If you take a close look at the photo that accompanies this column, you might notice something: I am a white male.
This is not an accomplishment I strived for. It just happened, as the numbers came up a certain way in a roll of the genetic dice.
Being a white male, the popular culture tells us, means that I must wield enormous influence in politics, the mass media and society as a whole — and, because of that influence, I'm responsible for all manner of evils in the world.
Somehow, I don't feel all-powerful or particularly evil. Maybe I'm not doing the white-male thing right. Based on what's happening these days, I thought of many ways I'm not behaving like a stereotypical white male:
• I have never railed against the existence of female characters in video games, or against critics who have pointed out the sexist and misogynist elements of some video games. I also have never made death threats via social media against female video-game designers or critics, nor have I ever covered up such behavior by arguing that I was just looking out for journalistic ethics in the video-game criticism community.
• I cheered when I heard about a new "Ghostbusters" movie starring four female comedians, because I think those four women — Kristen Wiig, Melissa McCarthy, Kate McKinnon and Leslie Jones — are really funny, and Paul Feig is a great director of female comic talent. Not once did I complain that the movie, which I haven't seen yet, was a travesty against the original film, or that my childhood was being destroyed.
• I have not watched any of the movies Adam Sandler has made for Netflix.
• I have never danced like a dork in a sports arena when the JumboTron camera turned my way.
• I have never opined that I would switch my vote from Bernie Sanders to Donald Trump because I could see no difference between an anti-Wall Street socialist and a fulminating real-estate developer.
• In my college days, I never got drunk at a college party and thought, "Now would be a good time to try to force sex on an unconscious woman." I also never tried to blame such behavior on a campus culture toward alcohol and promiscuity (as the friends and family of the Stanford rapist Brock Turner did).
• I have never declared myself a victim of "reverse discrimination."
• I never proclaimed that Muhammad Ali (or, for that matter, any other successful person of color) "transcended race." Also, unlike some people on Twitter, I never referred to Ali as Cassius Clay, because he stopped using that name before I was born — and continuing to use it now denies Ali his identity.
• I've never referred to the president of the United States, Barack Obama, as "Barry." I've also never posted racist memes on my Facebook involving President Obama and then said I was just making a joke.
• I have never worried about which bathroom other people are using.

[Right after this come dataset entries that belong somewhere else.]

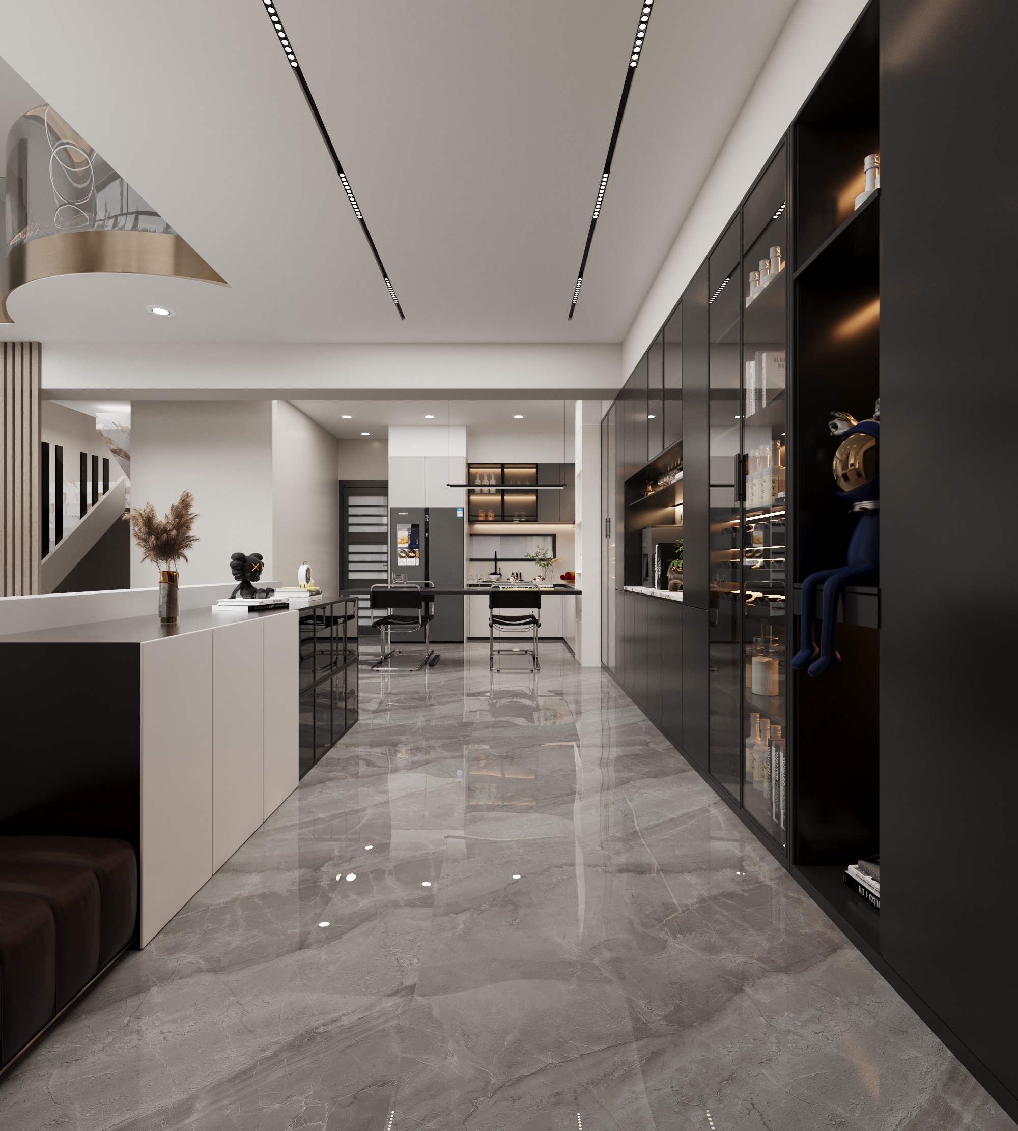 以大理石地板展現出獨特的冷調質感,將簡約與奢華巧妙結合。牆面採用灰白色系,搭配隱藏式的LED燈光,營造出寧靜而富有層次的氛圍。開放式的空間配置,使客廳和餐廳緊密連結,並以中島吧台作為空間區隔,不僅增強了機能性,也讓動線更加流暢。整體家具選擇低調而精緻,以深色調與淺色背景對比,為空間增添視覺張力。隱藏式的收納設計強調整潔,兼具時尚感和實用性。
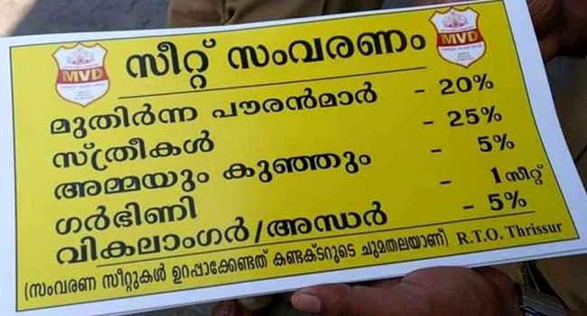 ഈ സംവരണസീറ്റുകള് അര്ഹതപ്പെട്ടവര്ക്ക് ഉറപ്പാക്കേണ്ട ഉത്തരവാദിത്വം കണ്ടക്ടര്ക്കാണെന്ന് മോട്ടോര് വാഹന വകുപ്പ് വ്യക്തമാക്കുന്നു.
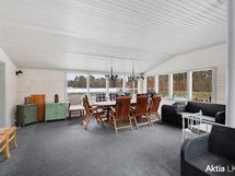 Lisäksi erillinen talousrakennus jossa, kesäasunto noin 35 m² tupakeittiö, makuuhuone ja wc joka lämpiää ilmalämpöpumpulla sekä liiterirakennus.
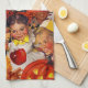 Bobbing for apples can be dangerous on Halloween as these kids at a Halloween costume party find out. This funny Halloween kitchen towel is a great, kid friendly Halloween decoration.
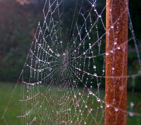 Keywords: cobweb network dew drip sparkle autumn beaded drop of water nature close

Some of this is because I, like most men, was taught to spend as little time as possible in a public restroom — get in, do your business and get out — and to never, ever make eye contact.

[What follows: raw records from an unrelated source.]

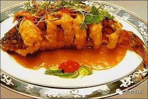 孔府的鲤鱼菜,渊源已久,而且还有专用的盛鱼器皿。此菜是用大小各一的鲜鲤鱼经红烧而成。小鱼面向大鱼怀中,分放两格的“鱼船”中。孔子的儿子孔鲤,其墓葬在孔子墓的前面,成为“抱子携孙”的墓葬布局的格式。“怀抱鲤”即由此得名。
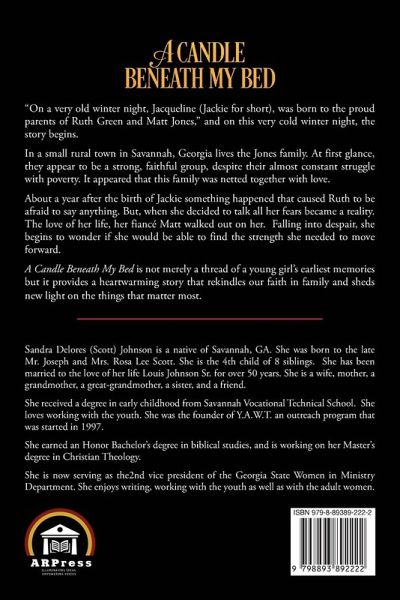 "On a very old winter night, Jacqueline (Jackie for short), was born to the proud parents of Ruth Green and Matt Jones," and on this very cold winter night, the story begins. In a small rural town in Savannah, Georgia lives the Jones family. At first glance, they appear to be a strong, faithful group, despite their almost constant struggle with poverty. It appeared that this family was netted together with love. About a year after the birth of Jackie something happened that caused Ruth to be afraid to say anything. But, when she decided to talk all her fears became a reality. The love of her life, her fiancé Matt walked out on her. Falling into despair, she begins to wonder if she would be able to find the strength she needed to move forward. A Candle Beneath My Bed is not merely a thread of a young girl's earliest memories but it provides a heartwarming story that rekindles our faith in family and sheds new light on the things that matter most.
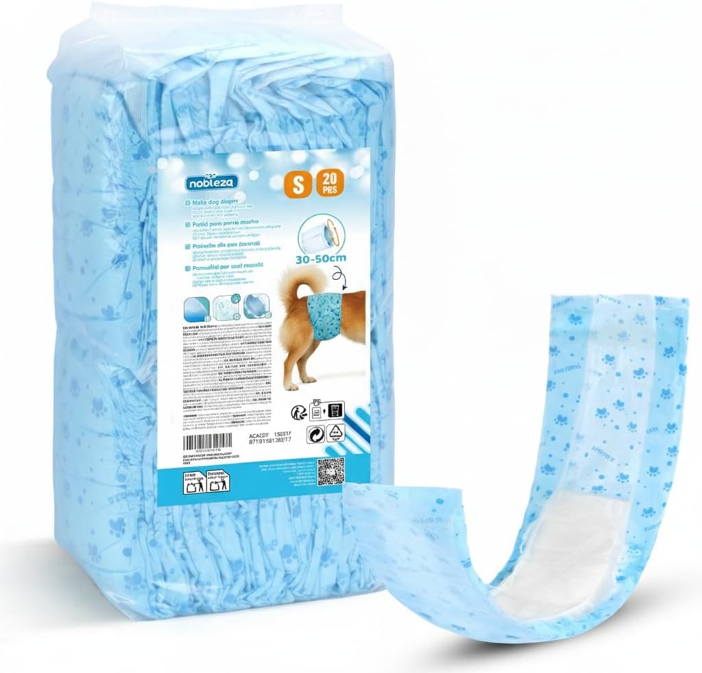 Si tu cherches une solution simple pour gérer l’incontinence, le marquage ou les petits accidents de ton chien mâle, ce lot de 20 couches jetables Nobleza en taille S (tour de ceinture indiqué entre 20 et 40 cm) vise clairement l’efficacité “au quotidien”. Le point de départ, c’est l’ajustement : l’article met en avant une coupe anatomique censée mieux rester en place, ce qui change pas mal la vie quand il faut enchaîner marche, jeux et changements réguliers.

• I never assume that two women walking together, on the street or in the "Finding Dory" trailer, are a lesbian couple. If they are, that's lovely and I'm happy for them — but, either way, it's really none of my business.
• I have never snorted cocaine off any part of a hooker's anatomy. (If you watch movies about uber-rich white guys, as I have, you see this happen a lot.)
• I have never used the phrase "politically correct" as an insult or pretended that not being politically correct was a brave form of truth-telling and not just a fancy way of defending my right to be an insensitive douchebag.
• I am not always oblivious about the concepts of white privilege and male privilege. Sometimes, but not always — which puts me ahead of a fair number of white males.